Saturday, February 21, 2009

Fixing time sync messed up VOB files

I have many home video discs recorded on a Sony mini DVD cam which are giving me hell trying to import them into iMovie. Seems even playback was only running the first 20 seconds of any VOB file and then stopping. 

Resolved my issues with a nifty little mac app called Mpeg Streamclip

It opened up the streams and identified and corrected the time issues right away! I then could export direct to a Quicktime format h.26X format and get my movies into iMovie!

I love free software...

K

Thursday, February 19, 2009

Still bitching at /dev/random's slowness

Pondering,

So I believe I have the solution to the /dev/random being so god damn slow issue. All still totally theoretical of-course, but I reckon just thinking about it intensely for a few days will reveal the solution. 

The Problem (re-iterated maybe)
/dev/random = dog slow, in fact its so slow that its not usable at all, and I need a truly good randomized data source, No mathematical algorithm can create that. It has to be gathered.

The Proposed Solution
Quite simply put, Im going to run a sniffer on my wireless NIC and dump all the data as is to file, maybe even use a few wireless cards and some physical nics and mux the data all together. Then write a very simple C++ program which will gather a integer block size value from /dev/urandom which is not true randomness but enough for this purpose, Then read that block-size worth of data from the wireless sniffed data and convert it to a sha1 fingerprint, The fingerprint should be very unique and after converting the sha1 to a binary string, you should be pretty good to go.

This would be a very fast and good way to get very good random data. A few things spring to mind that need to be taken into account though. 

Firstly, tcpdump must strip all link layer and other common elements out of the data feed, so essentially only the packet payloads should be dumped. There would still be common elements in this data but I thing the sha1 would overcome any collisions.

Secondly, You need a noisy wireless network to run this by, which is okay for me since I have at least 17 in my listening range. But most home networks are not going to be that busy. I guess you could essentially use any data source provided its not something common, maybe that family video which you had put on DVD, or your iPhoto library! 

Ill spend some time tinkering in C++ and see if I can come up with a working model and post it here.

Wednesday, February 18, 2009

a Thousand Monkeys (Virtual Servers)

So I spent a few days pondering the issue with /dev/random under linux not being able to generate enough data to fill my hard disk in a timely fashion, to backtrack, I want to prepare a new encrypted volume, a small 100GB disk. 

As many people know, before you depend on your crypted disks, you need to fill the disk with very high quality random data, true, crypt strength data to be exact.

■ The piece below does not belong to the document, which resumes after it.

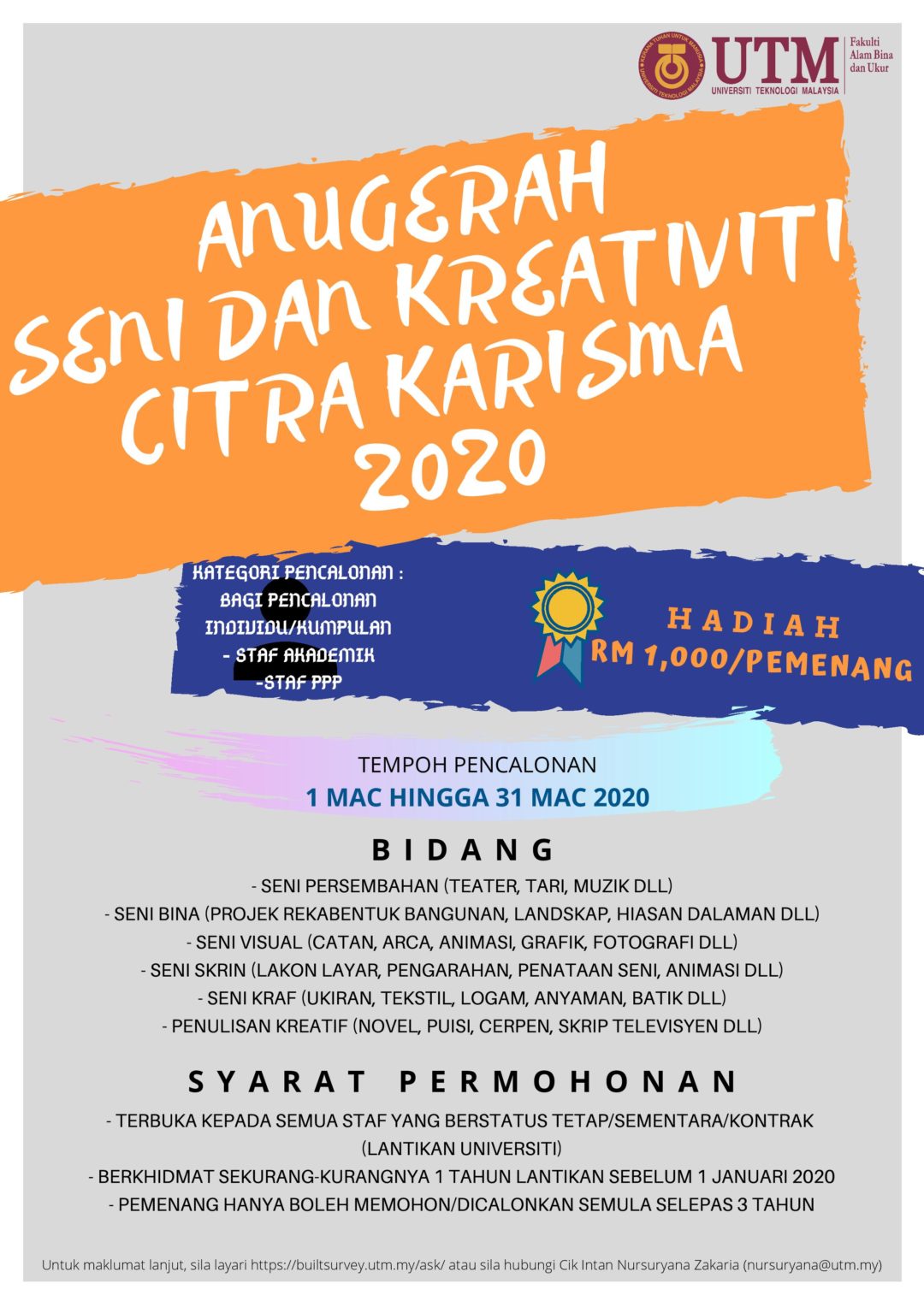 Untuk maklumat lanjut sila ke website Anugerah Citra Karisma (https://builtsurvey.utm.my/fabu2024/

By my calculations on a average linux server you only get about 3 to 4 bytes per second out of /dev/random which computes to 1 Year and 1 Month to fill a 100gb disk with high quality random data. I am in more of a hurry than that.

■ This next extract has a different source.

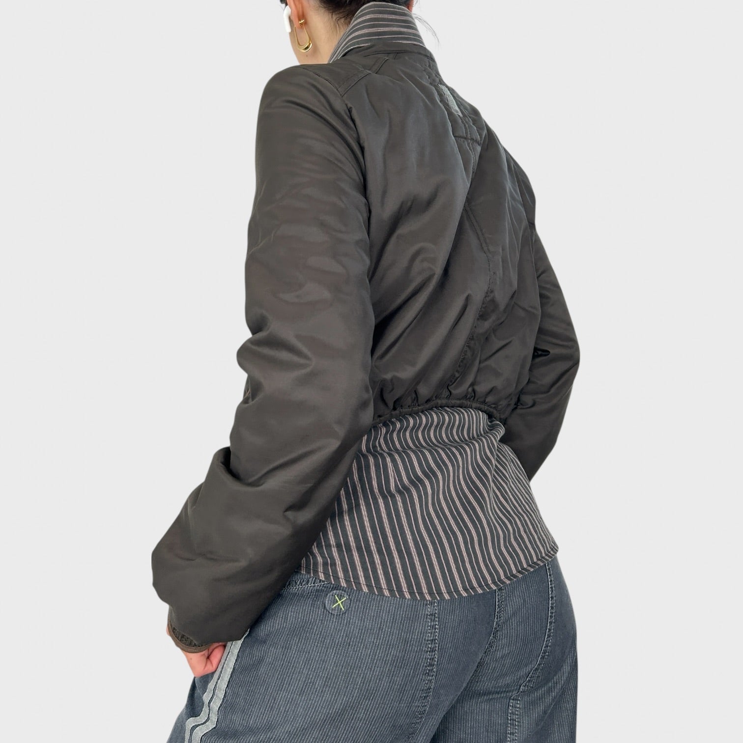 Lightweight puffer-style material with drawstrings at the front to cinch the waist.

Mac OS X Leopard seems to generate almost 10MB per second but its entropy is questionable so that is also not a option. 

I then theorized that if I spawned many virtual hosts, and ran netcat off /dev/random to a listening netcat on one of my real servers, that I could mass cat all the dev random pipes together onto the disk. 

Unfortunately, as expected,  it seems that /dev/random on virtual machines is pretty quiet since the machine acoustics are, well artificial in nature so there is no CPU fan noise or keyboard and mouse data to gather from. 

The shell script I wrote to spawn a large number of virtual hosts could come in useful though.